Bouchercon 2: I whine, others talk


by Robert Lopresti   Updated 11/4/ 7PM PST.

UPdated
photo (at Bcon) by Peter Rozovsky


When I wrote recently about the World Science Fiction Convention I talked about the controversy over the Hugo Award.  What follows could be considered my attempt to gin up a kerfuffle at Bouchercon.  But I think it is worth mentioning.

Ready for the controversy?  They gave away too many free books.

Yeah, I know.  Too many free books sounds like a contradiction.  But hear me out.

Those of us who write books are supposedly trying to sell the damned things.  If everyone is handing them out for free like campaign brochures, who's going to buy them?

Every registrant found six or so books in their bag.  The several hundred people who attended the librarian's tea each collected seven more.  And Sisters In Crime Smashwords - (see the Comments below) gave everyone a flash drive with - seriously - over 400 free books on it.  I suspect a lot of those were stories or novellas, but when the total is over 400 that hardly matters, does it?  No one is likely to buy books if they have hundreds of freebies on a stick, even though when they get home they may find that most of them are ones they have already read, or don't care to try.


Full disclosure: I had books on consignment with one of the dealers in the book room, and none sold, so you can call this sour grapes.  But really I am most concerned about the dealers themselves, some of whom traveled thousands of miles for the privilege of competing with people handing out free copies of the same books they were trying to sell.

At some point, enough is too much, and the Tragedy of the Commons takes over.  I understand that the people working on next year's Bouchercon in New Orleans are already thinking about this issue.  I wish them luck.

Finally, and if you read this blog at all you knew it was coming, here it is:  my quotation file from Bouchercon.  All of these were jotted down on the fly so apologies for any misattributions or misquotations.  And as for context, sorry.  I left it in my other suit.

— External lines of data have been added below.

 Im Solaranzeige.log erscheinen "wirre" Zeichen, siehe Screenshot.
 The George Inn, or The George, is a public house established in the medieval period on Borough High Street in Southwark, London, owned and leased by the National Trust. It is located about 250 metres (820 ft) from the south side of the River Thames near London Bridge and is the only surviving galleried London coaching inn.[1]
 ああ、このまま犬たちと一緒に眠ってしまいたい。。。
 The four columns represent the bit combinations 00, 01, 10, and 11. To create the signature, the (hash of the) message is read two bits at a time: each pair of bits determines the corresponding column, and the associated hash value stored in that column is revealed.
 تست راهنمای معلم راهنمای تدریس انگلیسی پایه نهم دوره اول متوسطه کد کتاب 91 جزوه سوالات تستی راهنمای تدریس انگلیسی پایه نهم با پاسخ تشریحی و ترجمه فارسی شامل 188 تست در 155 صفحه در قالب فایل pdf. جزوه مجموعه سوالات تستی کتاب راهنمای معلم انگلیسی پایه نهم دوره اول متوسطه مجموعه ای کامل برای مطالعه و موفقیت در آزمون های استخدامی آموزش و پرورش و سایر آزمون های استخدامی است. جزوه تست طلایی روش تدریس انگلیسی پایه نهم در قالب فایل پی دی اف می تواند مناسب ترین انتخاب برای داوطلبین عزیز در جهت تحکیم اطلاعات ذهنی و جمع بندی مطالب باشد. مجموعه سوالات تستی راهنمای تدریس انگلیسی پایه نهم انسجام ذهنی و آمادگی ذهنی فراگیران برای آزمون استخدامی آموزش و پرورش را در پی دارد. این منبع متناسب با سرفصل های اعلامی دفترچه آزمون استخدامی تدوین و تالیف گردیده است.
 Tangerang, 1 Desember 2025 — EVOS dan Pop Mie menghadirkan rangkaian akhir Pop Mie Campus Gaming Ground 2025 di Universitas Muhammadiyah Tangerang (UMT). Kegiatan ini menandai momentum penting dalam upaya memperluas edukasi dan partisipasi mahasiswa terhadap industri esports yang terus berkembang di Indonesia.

"If I could write one book in first person it would be The Big Sleep." -Bill Crider

"The amateur sleuth restores the social order."  -Leslie Butewitz

"You are everybody in your book."  -Don Bruns

"I'm the most Jewish atheist you'll ever meet."  -Reed Farrel Coleman

"I dream about Philip Marlowe.  That's really embarrassing, which is why I'm telling this large group of people."   -Megan Abbott

"The best experience for someone who wants to write is not reading the masters but reading works by amateur, inferior writers."  -Lawrence Block

"I don't like Harry Potter.  I wouldn't have minded if  Voldemort got him on page three."  - Chantelle Aimee Osman.

"If I have one skill as a writer it is that I am really good at thinking of bad stuff."  Diane Chamberlain.

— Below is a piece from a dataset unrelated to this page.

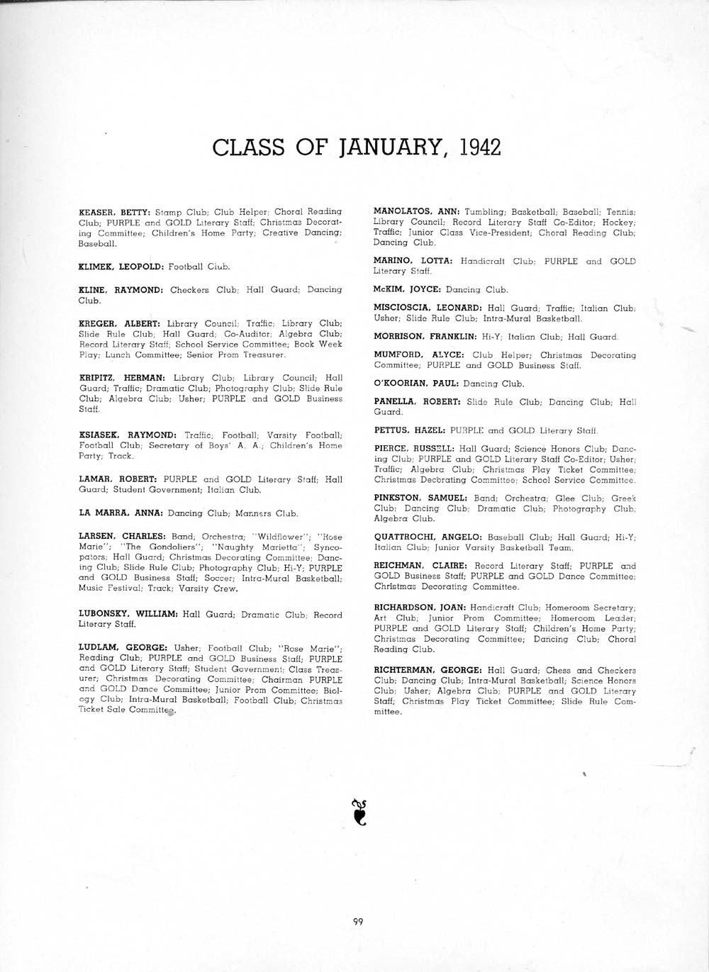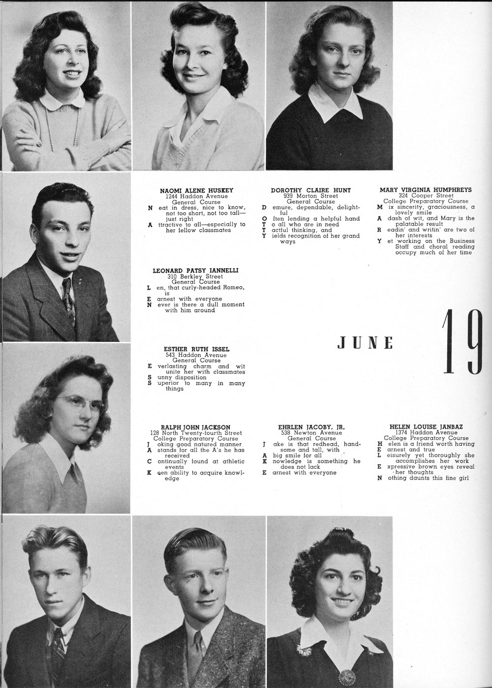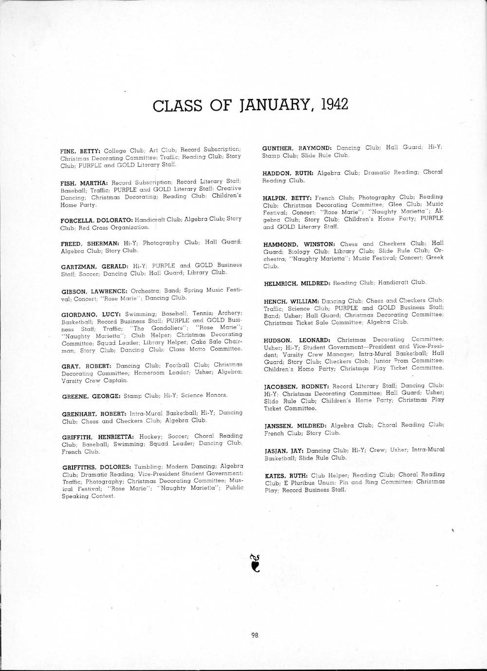 JACK: Slide Rule Club; Hall Guard; Hi-Y Club; Science Honors; Band;

"Second person narrator isn't modern.  It's radio."  - Bill Crider

"Getting a thesis on Agatha Christie past the people at Harvard is not simple."  -Julianne Holmes

"Always invite dead authors to dinner parties.  They have no allergies or other dietary problems."  -Lawrence Block

"The best characters could go good or bad depending on the circumstances."  -Rhys Bowen


"I still haven't finished reading Orlando, and a teacher in college is waiting for the assignment."  -Karin Slaughter

"In hardboiled fiction you have the psycho ex machina."  -Reed Farrel Coleman

"When I started writing all the southern books were southern gothics, and the pigs ate mama."  - Margaret Maron

"Don't steal the reader's crayons."- Chantelle Aimee Osman.

"It took me about five minutes to sell out."  - Bill Crider


"I'm reaching the age where I can read a book again for the first time." -Lawrence Block

"Diehard is an example you can use for almost anything in life."- Chantelle Aimee Osman.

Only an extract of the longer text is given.